Теки, струйка, теки! Дотеки до порога Гирша, расспроси его и с доброй вестью вернись обратно сюда, в местечко!
Журчание молока затихает, и откуда-то, из заваленных буреломом старости глубин, снова доносится отрывистый лай взбесившейся собаки, и Эфраим вздрагивает.
Неужто смерть, собака господа, взялась не только за его жен, но и за детей?

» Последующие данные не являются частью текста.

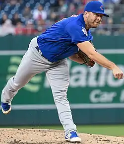 After acquiring Kintzler from the Nationals, Cubs manager Joe Maddon praised the pitcher, calling him a "very durable kind of guy [...] Good sink. Puts the ball on the ground."[54] Kintzler struggled with the Cubs in 2018, allowing 14 runs and posting a 7.00 ERA in 18 innings.[55] He admitted that his struggles were largely mental, telling NBC Sports Chicago that, "I feel like when I came over, I tried to be perfect. And usually I'm more of a guy that is in full-on attack mode."[56] Between the Nationals and the Cubs, Kintzler finished 2018 with a 3–3 record, 4.60 ERA, and 43 strikeouts in 70 games and 60+2⁄3 innings.[24]

Эфраим возвращается с подойником в дом, ставит его на стол, роется в шкафу, достает оттуда четыре кружки, наливает в каждую молока и говорит:
— Пейте, дети!
И слышит хлюпанье, слышит шмыганье носов, причмокиванье.
— Пей, Шахна!
— Пей, Эзра!
— Пей, Церта!
— Пей, Гирш!
В закрытые глаза Эфраима, как в притемненную горницу, входит Гирш, косая сажень в плечах, с растрепанной рыжей чуприной, в льняной рубахе нараспашку. По лицу у него струится кровь, и Двойре вскрикивает от ужаса.
— Подрался?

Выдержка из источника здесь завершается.